Planning and Insertion Techniques
As with all orthodontic treatments it is important to properly plan each mini-implant case and the following general principles should help inform this diagnostic and treatment planning process. This chapter provides as comprehensive an aide memoire as possible, which at first glance suggests that there is a lot of information to analyse and remember. However, not all points apply to every case and experience will quickly lead you to discern the relevant steps for individual cases. In addition, common clinical scenarios are described in a sequential manner in the remaining book chapters and, whilst this entails some degree of repetition, it ensures that nothing relevant is left out for each clinical scenario.
Treatment goals and anchorage requirements
Determine these as per your normal orthodontic assessment and treatment planning regimen.
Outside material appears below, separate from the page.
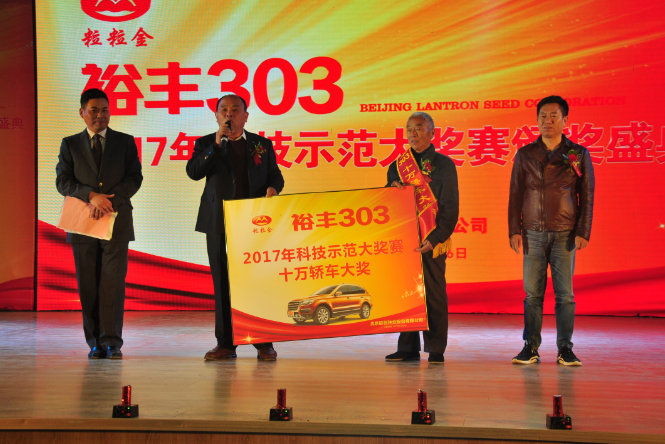 現(xiàn)場針對2017年221名裕豐303優(yōu)秀種植示范戶分別頒發(fā)十萬轎車、金磚、電動三輪車獎品,以表彰他們科學(xué)種田、示范推廣優(yōu)良品種裕豐303所作出的突出貢獻(xiàn)。其中一等大獎價值十萬元的轎車被安徽蕭縣酒店鎮(zhèn)胡孝蘭摘得,其中參賽產(chǎn)量為2252.9斤;二等獎價值5000元的金磚分別被河南省西華縣、滑縣、山東省梁山縣、陽信縣、河北省臨漳縣、任丘市、安徽利辛縣、泗縣、江蘇灌云到等20個縣市示范戶獲得,其中山東省平度市張舍鎮(zhèn)石賢勝畝產(chǎn)達(dá)2108斤、滕州市張汪鎮(zhèn)張佑代畝產(chǎn)達(dá)2025.36斤、河北省灤平縣大屯鄉(xiāng)王國強(qiáng)畝產(chǎn)達(dá)2040.28斤;二等獎20名平均畝產(chǎn)達(dá)1800以上。

The only differences may be that your treatment options and expectations may be greater than with conventional treatment, e.g. achieving full overjet reduction in a Class II case, or non-surgical correction of an anterior openbite.
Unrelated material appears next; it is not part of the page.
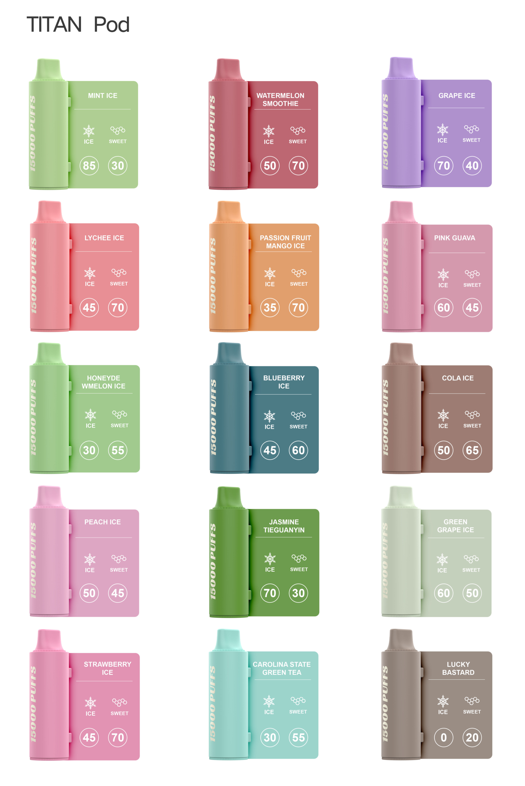 | 口味 | 綠茶, 煙草, 樹莓櫻桃可樂, 茉莉鐵觀音, 蜜瓜奶凍, 粉紅芭樂, 青提奶冰, 山竹荔枝, 水蜜桃汁, 三重薄荷, 冰藍漿果, 西瓜冰沙, 多肉葡萄, 香草草莓, 百香果芒芒, 天藍主機, 淺咖主機, 米黃主機, 淺紫主機, 米白主機 |

Consider the ideal antero-posterior and buccal/palatal site(s) from both anchorage and biomechanical perspectives. For example, since incisor retraction requires posterior anchorage, the typical insertion site for this purpose is the buccal side of the alveolus between the second premolar and first molar teeth. This is because more anterior insertion sites may not provide sufficient range for traction and may steepen the vector of traction, which may introduce vertical side-effects. Buccal mini-implants are also easier (than palatal ones) to attach directly to a labial fixed appliance. The optimum insertion sites will be described in detail in each specific clinical scenario chapter.
Hard tissue anatomy
Assess each insertion site in terms of the interproximal space in three dimensions (3D), i.e. its mesio-distal width and alveolar depth; the positions and shape of adjacent tooth roots; the proximity of nearby structures (e.g. the maxillary sinus); and the bone quantity (in particular, whether there is alveolar necking or conversely a convex alveolar morphology). Much of this information can be derived from radiographs (Figs 5.1a,b). Periapical radiographs are preferable to panoramic views since the latter may misrepresent the shape, position and angulation of roots, and make it difficult to identify mesial bowing of the mesio-buccal molar root. However, periapicals are prone to parallax errors if a film or sensor holder is not used for standardisation (Fig. 5.1c). Cone beam computerised tomography (CBCT) provides the clearest amount of detail in 3D (Fig. 5.2), including estimations of the cortical thickness and density, but this is not yet widely available nor considered essential for mini-implant planning. The exact insertion site and insertion angles are determined by studying each patient’s radiographs, supplemented by examination of the patient (especially to highlight soft tissue details) and either their dental or virtual model (to give a 3D appreciation). Interestingly, it is often easier to observe surface undulations on a physical model than in the patient’s mouth, where a surface concavity indicates the interproximal area between the prominences of adjacent roots.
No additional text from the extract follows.